ASSIGNED TASK.
Copy exactly the lines of the data below, beginning with the line with "一迅社WEBマンガサイト「一" and ending with the line with "液體內部分子A與周圍分子的作". Pictures are to be omitted.
(DATA TO EXAMINE)
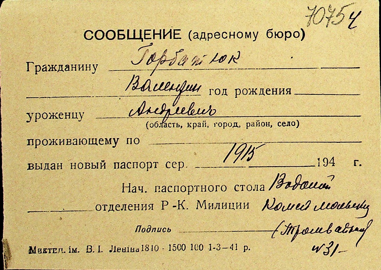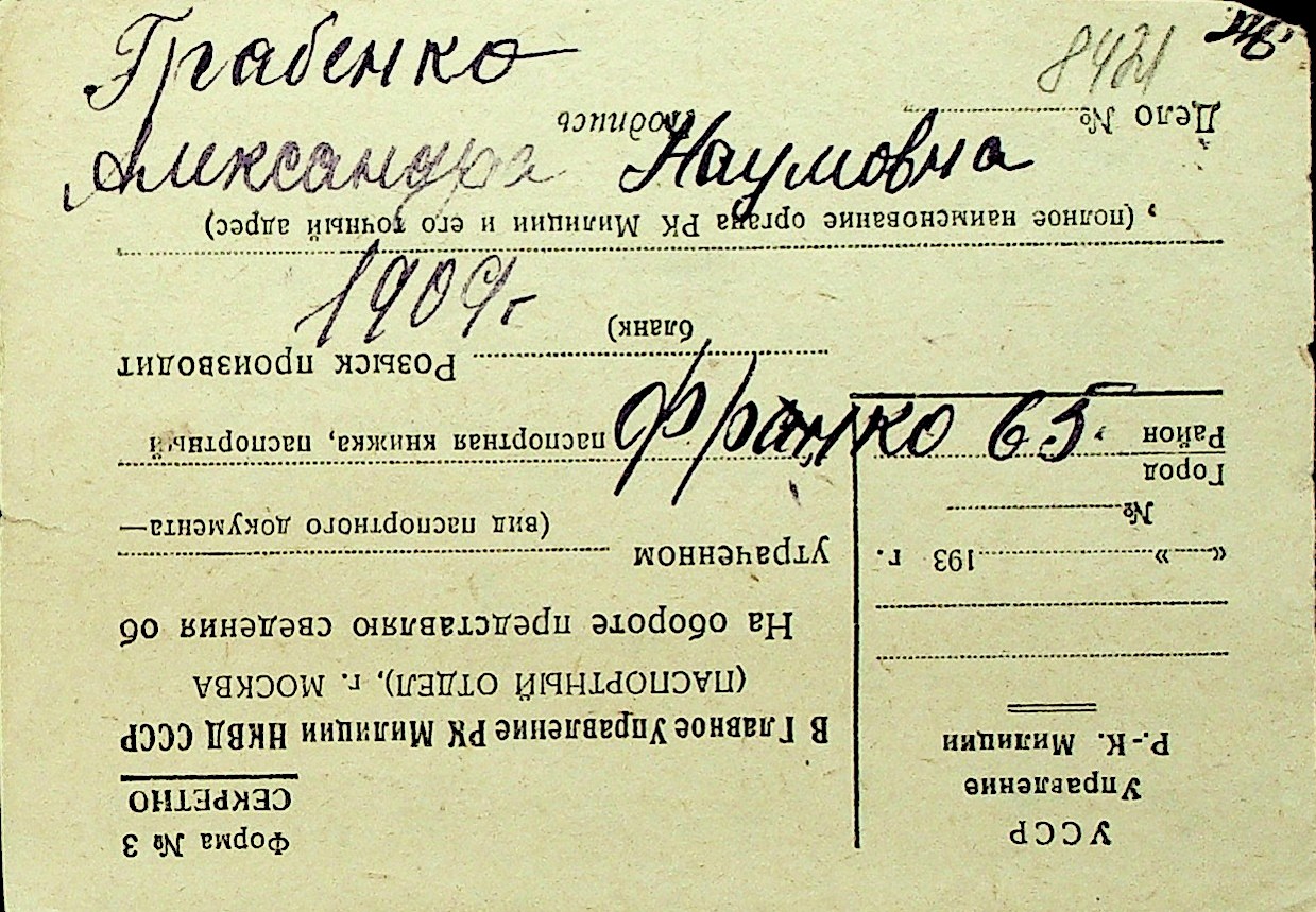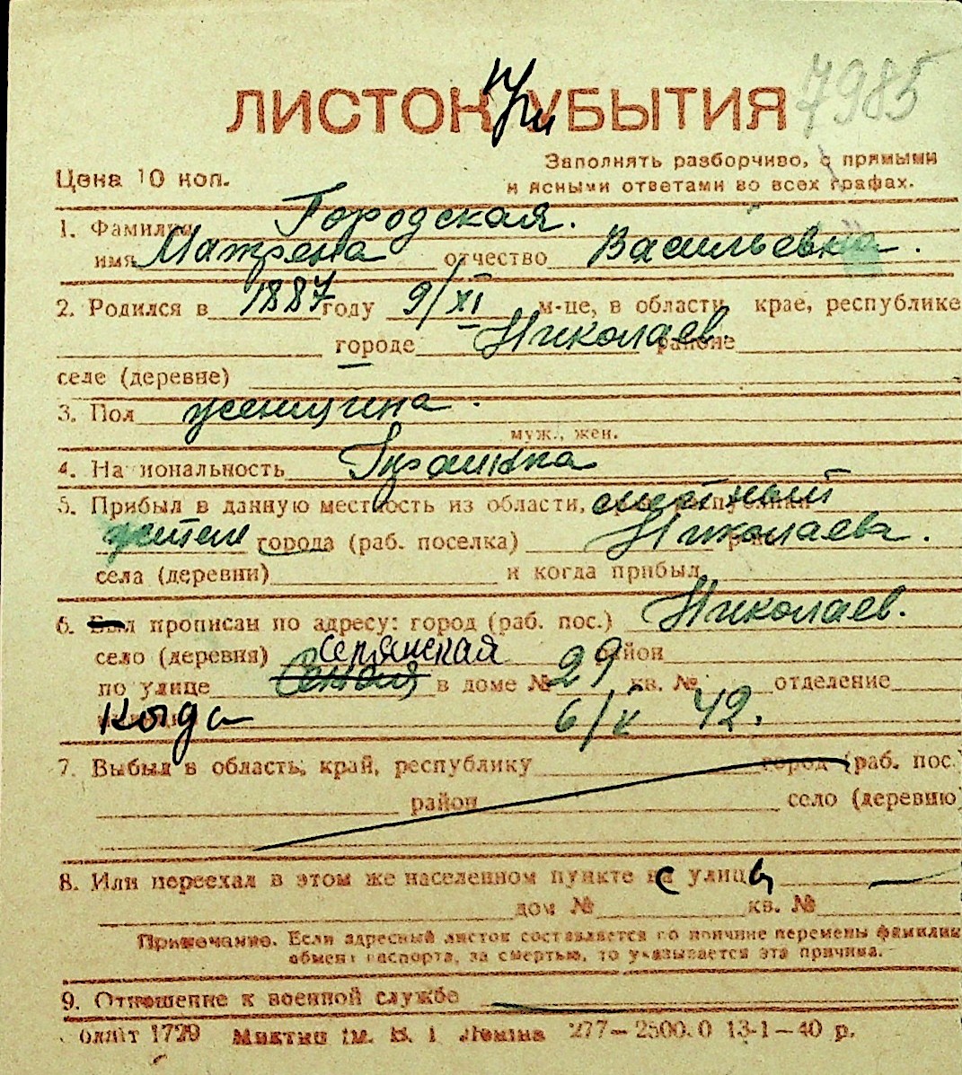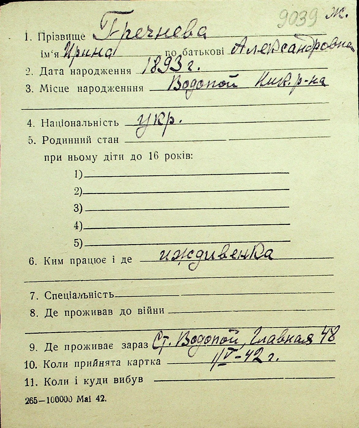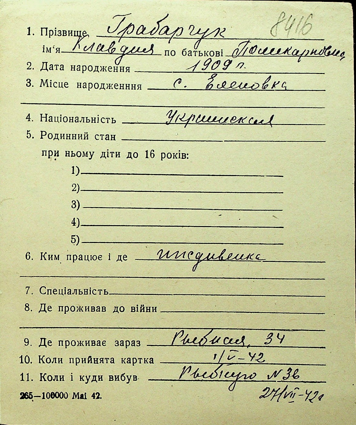 • • Перелік карток до фонду № Н-1016
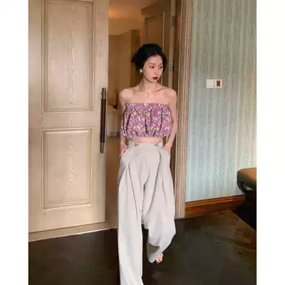 Lu Qingyi limited-time clearance hanging high-waisted retro casual pants women's loose and all-match straight suit wide-legged pants
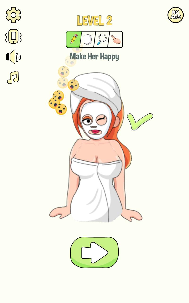 游戏是一款非常简单明了的游戏,上手也非常简单,玩家只需要不断地思考帮助角色解决他们的爱情问题,具体体现在在关卡中发现一些隐藏的线索才能发现真实的寓意。
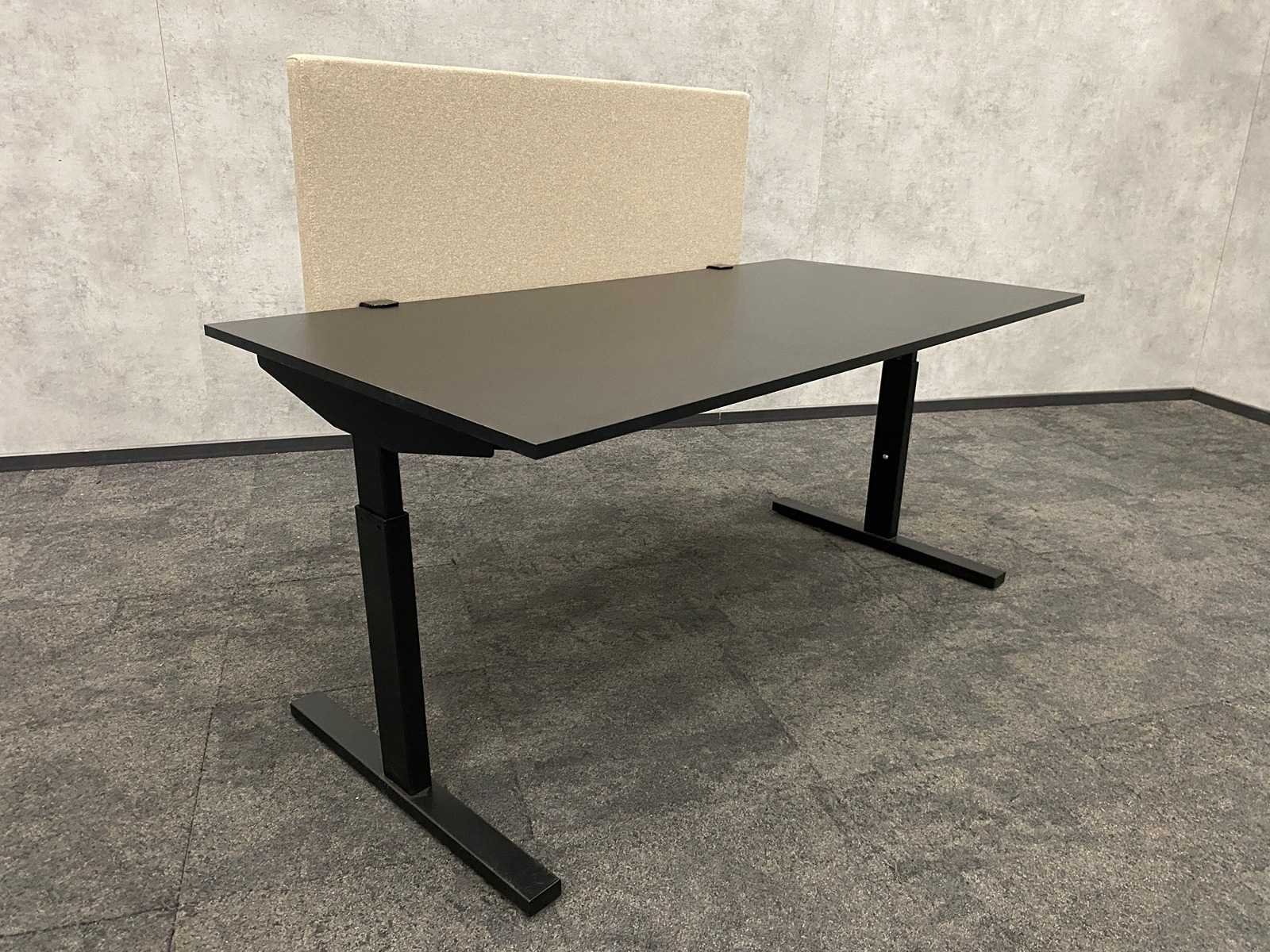 Met beige scheidingswand v.v. bureauklemmen. Nee Kleur: beige, zwart Breedte: 160cm Materiaal: metaal, melamine Diepte: 80cm
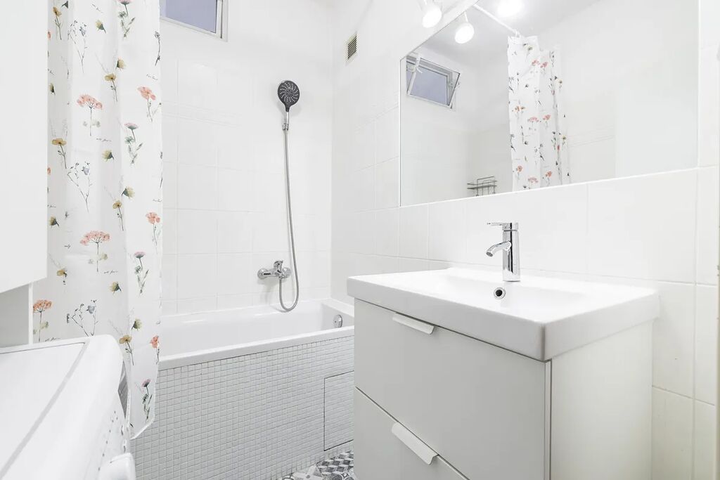 V koupelně k dispozici pračka, úložné prostory v chodbě i jednotlivých místnostech. Stačí se jen nastěhovat.
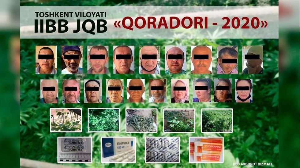 Жумладан, Жиноят қидирув бошқармаси ҳамда соҳавий хизмат ходимлари томонидан «Қора дори-2020» кенг қамровли тадбири давомида, таркибида наркотик моддалари бўлган ўсимликларни етиштириш билан боғлиқ 100 та ҳолат аниқланиб, 715 квадрат метр ер майдонидаги кўкнор ва каннабис каби гиёҳвандлик ўсимликлари йўқ қилинди.
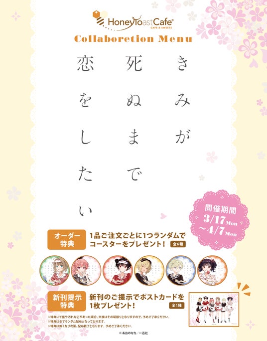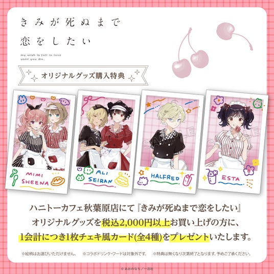 一迅社WEBマンガサイト「一迅プラス」にて連載中の漫画『きみが死ぬまで恋をしたい』コミックス第8巻の発売を記念して、ハニトーカフェ秋葉原店にてコラボの開催が決定いたしました!
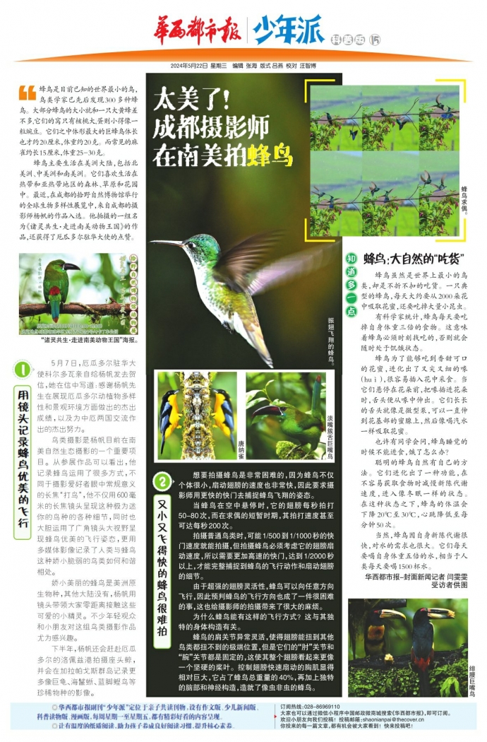 娇小美丽的蜂鸟是美洲原生物种,其他大陆没有,杨帆用镜头带领大家零距离接触这些可爱的小精灵。不少年轻观众和小朋友对这组鸟类摄影作品尤为感兴趣。
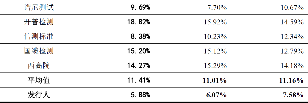 发行人研发费用率平均值为4.36%,仅为行业平均值8.38%一半的水平,且低于上表中任何一家可比公司研发费用率。而研发投入是企业盈利能力的重要保证,发行人可比之下的低研发投入比,也可能对应发行人真实盈利能力不容乐观。
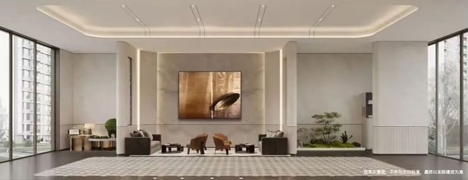 招商时代潮派售楼处电话:顶部采用香槟金色的斜角造型铝板,搭配手工打磨的星空顶及氛围灯,地面铺设仿石砖,墙面基调则借鉴了华尔道夫酒店的浅米黄色系大理石,并配以精致的礼仪灯设计。
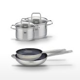 - COMPOSITION : Les poêles sont en acier inoxydable 18/10 avec revêtement ELODUR® Professional, et les faitouts en inox avec couvercles en verre, garantissant solidité et résistance.
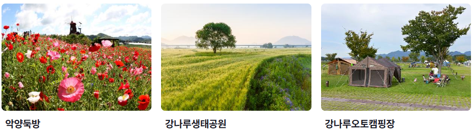 - 악양둑방: 유채꽃과 갈대숲으로 유명한 꽃길 산책 코스. 조용하고 한적한 분위기 속에서 자연을 즐길 수 있습니다.
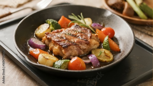 Grilled Pork Chop with Roasted Vegetables on a Black Plate
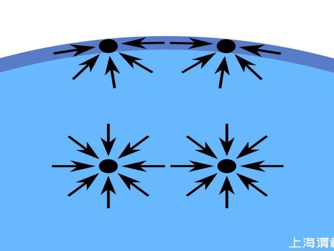 液體內部分子A與周圍分子的作用力是對稱的,相互抵消,合力為零,因此A在液體內部移動時不需要做功。而對于表面分子B,與表面下的水分子相互的作用力強烈,與表面上的空氣作用力則較弱。由于上下的作用力大小不一致,因此B處于一個不對稱的力場中,形成了一股指向內部的合力,此力力圖將其拉回液體的內部。
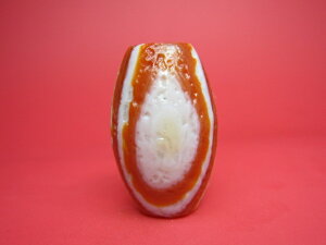 【チベット紅玉髄天珠】 ☆商品情報☆ 長さ:約49mm 直径:Φ約14mm 穴サイズ:約Φ3mm 中国・チベット天珠 ※照明等の関係で実際の色とは多少イメージが異なる場合がありますのでご了承ください。 ※こちらは一点物ですので、画像の...
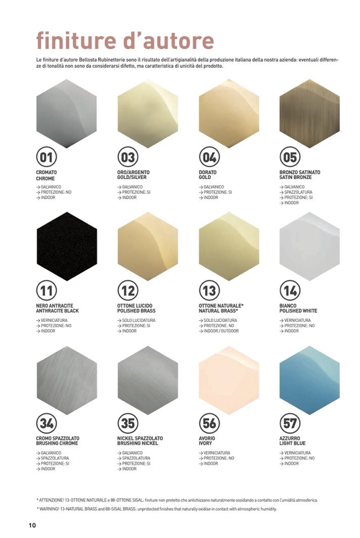 * ATTENZIONE! 13-OTTONE NATURALE e 88-OTTONE SISAL: finiture non protette che antichizzano naturalmente ossidando a contatto con l’umidità atmosferica.
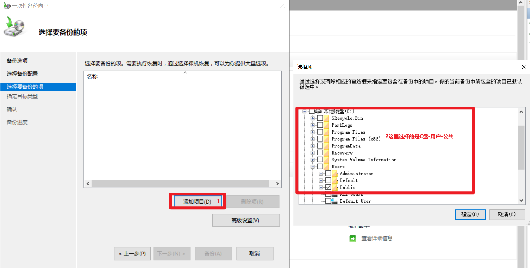 选择备份方式/内容
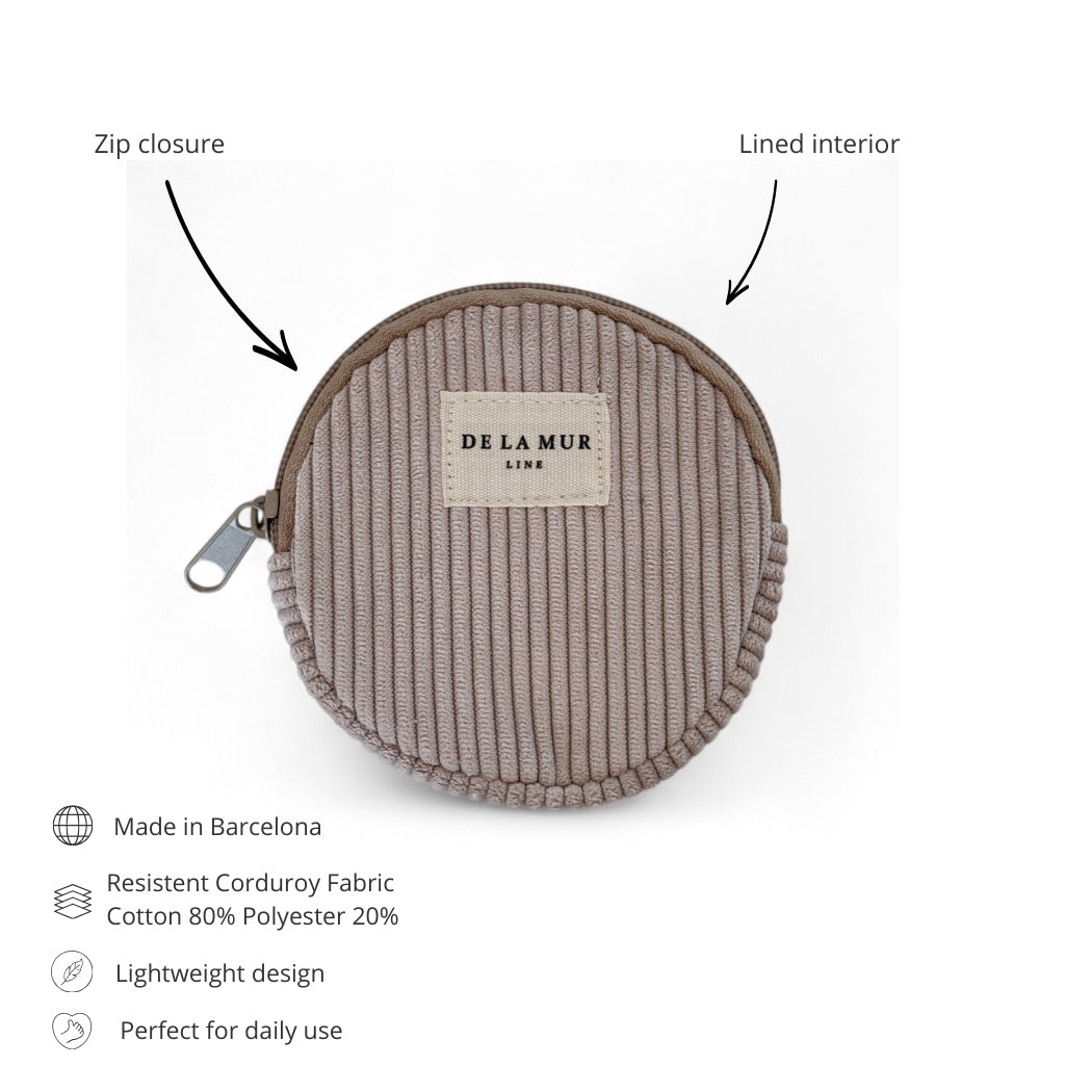Sac à main rond avec fermeture éclair sur le dessus et petite anse en cordon beige sur le côté. Fabriqué en velours côtelé beige épais. L'imprimé peut varier selon la coupe. Doublé d'un épais tissu gris à l'intérieur. Pour un entretien optimal, nous recommandons un lavage à la main à l'eau froide et l'utilisation d'un sèche-linge.
(End DATA TO EXAMINE)
EXPECTED OUTPUT.
 一迅社WEBマンガサイト「一迅プラス」にて連載中の漫画『きみが死ぬまで恋をしたい』コミックス第8巻の発売を記念して、ハニトーカフェ秋葉原店にてコラボの開催が決定いたしました!
 娇小美丽的蜂鸟是美洲原生物种,其他大陆没有,杨帆用镜头带领大家零距离接触这些可爱的小精灵。不少年轻观众和小朋友对这组鸟类摄影作品尤为感兴趣。
 发行人研发费用率平均值为4.36%,仅为行业平均值8.38%一半的水平,且低于上表中任何一家可比公司研发费用率。而研发投入是企业盈利能力的重要保证,发行人可比之下的低研发投入比,也可能对应发行人真实盈利能力不容乐观。
 招商时代潮派售楼处电话:顶部采用香槟金色的斜角造型铝板,搭配手工打磨的星空顶及氛围灯,地面铺设仿石砖,墙面基调则借鉴了华尔道夫酒店的浅米黄色系大理石,并配以精致的礼仪灯设计。
 - COMPOSITION : Les poêles sont en acier inoxydable 18/10 avec revêtement ELODUR® Professional, et les faitouts en inox avec couvercles en verre, garantissant solidité et résistance.
 - 악양둑방: 유채꽃과 갈대숲으로 유명한 꽃길 산책 코스. 조용하고 한적한 분위기 속에서 자연을 즐길 수 있습니다.
 Grilled Pork Chop with Roasted Vegetables on a Black Plate
 液體內部分子A與周圍分子的作用力是對稱的,相互抵消,合力為零,因此A在液體內部移動時不需要做功。而對于表面分子B,與表面下的水分子相互的作用力強烈,與表面上的空氣作用力則較弱。由于上下的作用力大小不一致,因此B處于一個不對稱的力場中,形成了一股指向內部的合力,此力力圖將其拉回液體的內部。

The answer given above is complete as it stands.